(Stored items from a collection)
◇ ◇ ◇

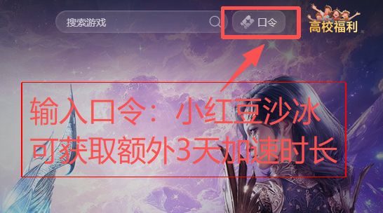 点击右上角【口令兑换】输入口令【小红豆沙冰】免费领取3天加速时长
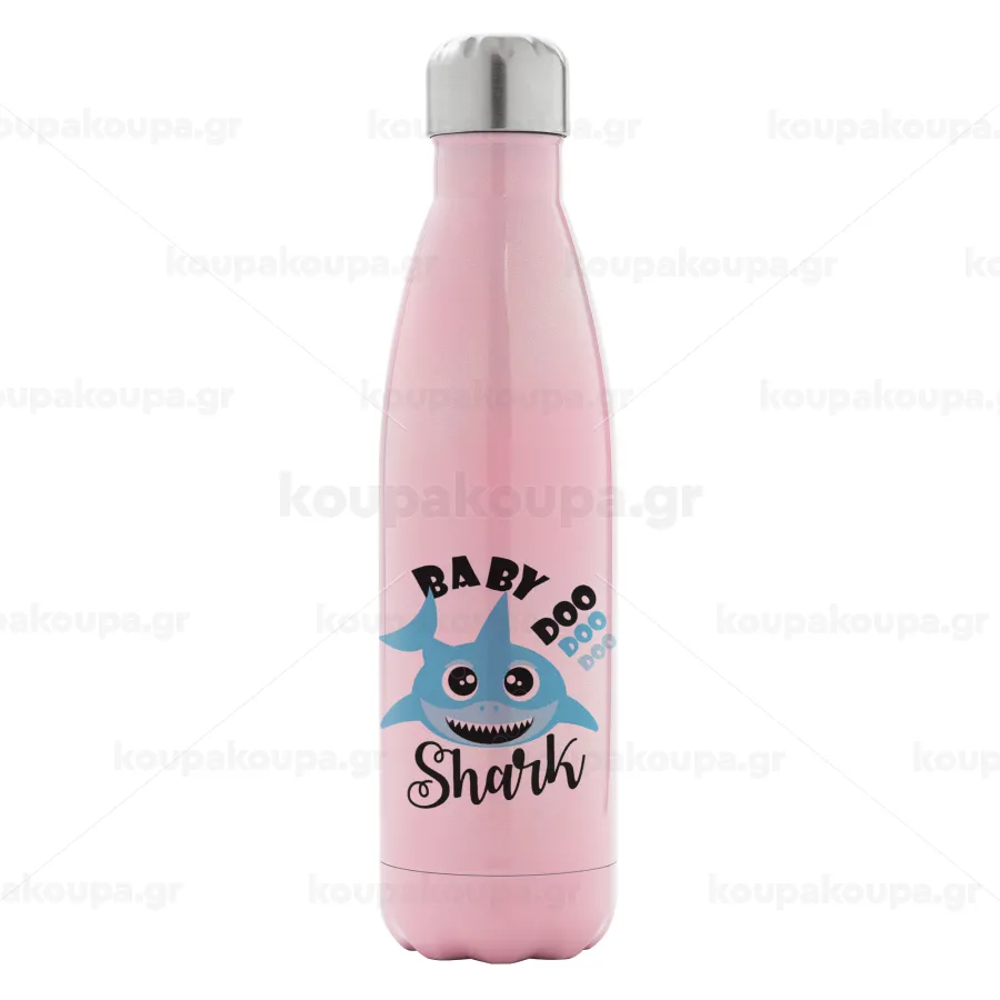 Baby Shark (boy), Μεταλλικό παγούρι θερμός Ροζ Ιριδίζον (Stainless steel), διπλού τοιχώματος, 500ml
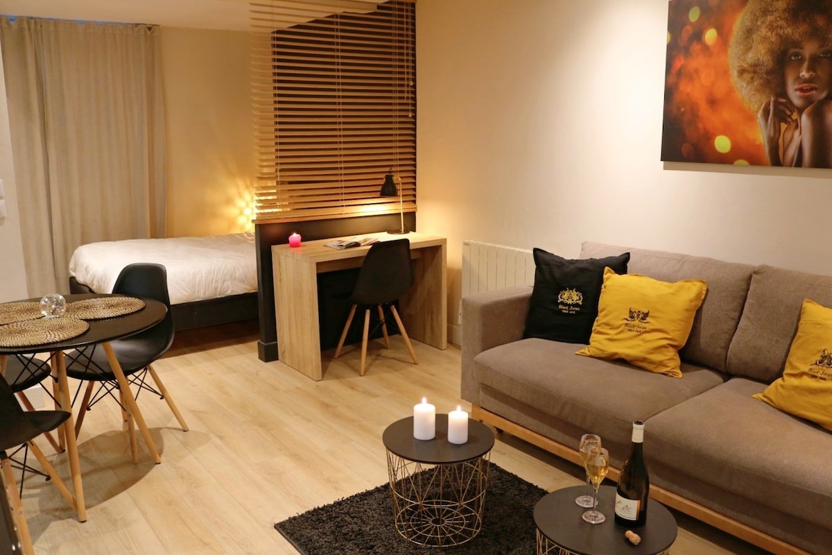 Se sentirá bien en mi apartamento en el centro de la ciudad. Su proximidad a todo le dará muchas posibilidades de actividades durante su estadía. Este alojamiento es ideal para parejas, viajan con amigos, familias o trabajadores en tránsito. Es grande con espacios bien separados para estar tranquilo durante el dodo. Podrá disfrutar de todas las comodidades de un hotel de lujo. Si aún no es suficiente, no estoy muy lejos. Estacionamiento gratuito a menos de 10 minutos.
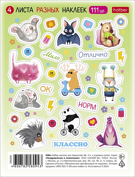 Набор наклеек Хатбер А6 4л. -Ассорти- 4Н6н
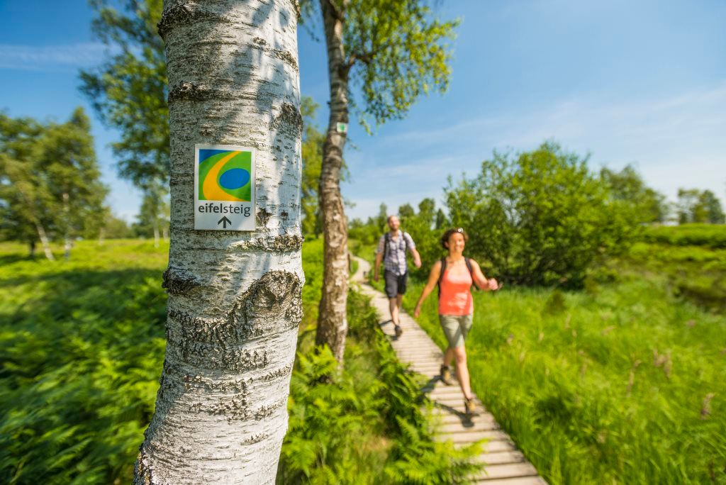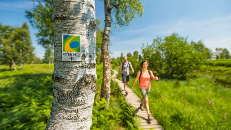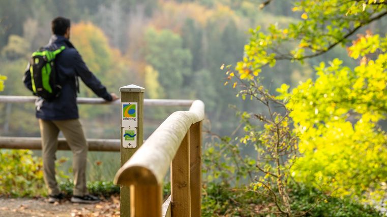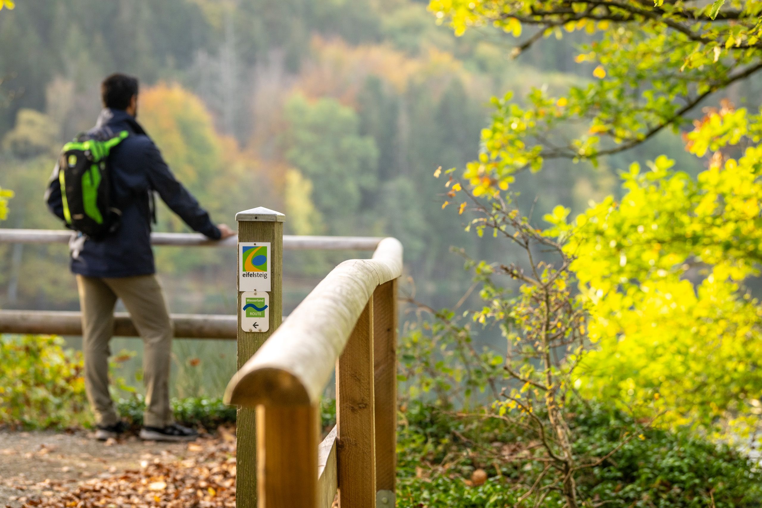 Jeder Tag ist anders, immer neue Eindrücke, Ausblicke, Erlebnisse. Finde Deinen Rhythmus, sei eins mit der Natur, bewege dich auf den Spuren der Elemente Wasser, Luft, Feuer und Erde. Es ist ein großes Abenteuer, den Eifelsteig mit seinen 15 Etappen in einem Stück zu wandern. Als Belohnung warten unvergessliche Momente auf dich. Durchstreife den flachen Norden bei Aachen über das hohe Venn, vorbei an den imposanten Stauseen, hinein in den Nationalpark Eifel mit seinen unberührten Buchenmischwäldern und dem offenen Grasland der Dreiborner Hochfläche.
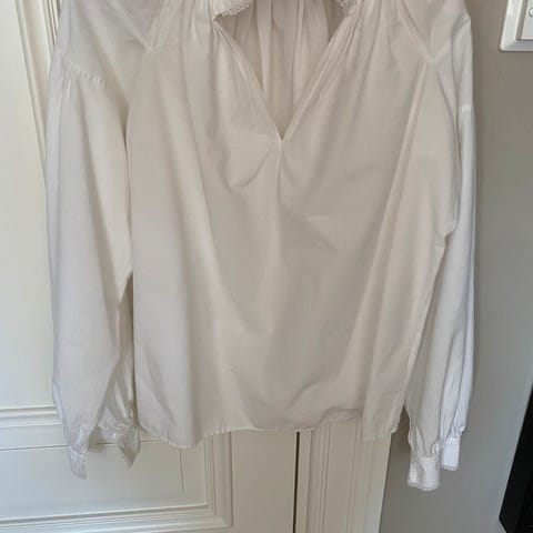 Pent brukt bunadsskjorte til Røykenbunad (Røykendrakt), str S - liten M.
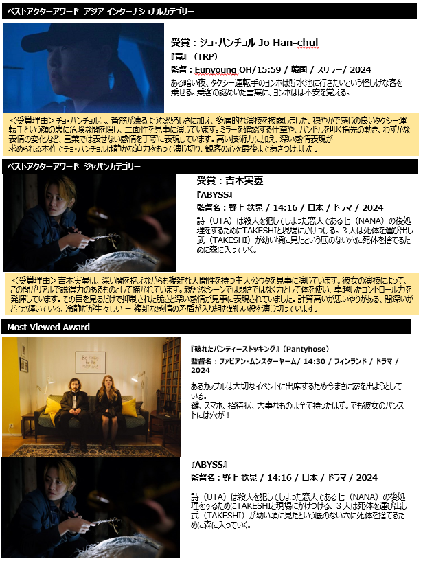 ベストアクターアワードには、インターナショナルカテゴリーより『母の宿命 / Future is Panorama』(ドイツ)主演のアマル・オムランさん、アジアカテゴリーより『罠 / TRAP』(韓国)主演のジョ・ハンチョルさん、ジャパンカテゴリーより『ABYSS』主演の吉本実憂さんが選ばれました。

◇ ◇ ◇

The records above are to be retyped exactly, with every picture left out.

 点击右上角【口令兑换】输入口令【小红豆沙冰】免费领取3天加速时长
 Baby Shark (boy), Μεταλλικό παγούρι θερμός Ροζ Ιριδίζον (Stainless steel), διπλού τοιχώματος, 500ml
 Se sentirá bien en mi apartamento en el centro de la ciudad. Su proximidad a todo le dará muchas posibilidades de actividades durante su estadía. Este alojamiento es ideal para parejas, viajan con amigos, familias o trabajadores en tránsito. Es grande con espacios bien separados para estar tranquilo durante el dodo. Podrá disfrutar de todas las comodidades de un hotel de lujo. Si aún no es suficiente, no estoy muy lejos. Estacionamiento gratuito a menos de 10 minutos.
 Набор наклеек Хатбер А6 4л. -Ассорти- 4Н6н
 Jeder Tag ist anders, immer neue Eindrücke, Ausblicke, Erlebnisse. Finde Deinen Rhythmus, sei eins mit der Natur, bewege dich auf den Spuren der Elemente Wasser, Luft, Feuer und Erde. Es ist ein großes Abenteuer, den Eifelsteig mit seinen 15 Etappen in einem Stück zu wandern. Als Belohnung warten unvergessliche Momente auf dich. Durchstreife den flachen Norden bei Aachen über das hohe Venn, vorbei an den imposanten Stauseen, hinein in den Nationalpark Eifel mit seinen unberührten Buchenmischwäldern und dem offenen Grasland der Dreiborner Hochfläche.
 Pent brukt bunadsskjorte til Røykenbunad (Røykendrakt), str S - liten M.
 ベストアクターアワードには、インターナショナルカテゴリーより『母の宿命 / Future is Panorama』(ドイツ)主演のアマル・オムランさん、アジアカテゴリーより『罠 / TRAP』(韓国)主演のジョ・ハンチョルさん、ジャパンカテゴリーより『ABYSS』主演の吉本実憂さんが選ばれました。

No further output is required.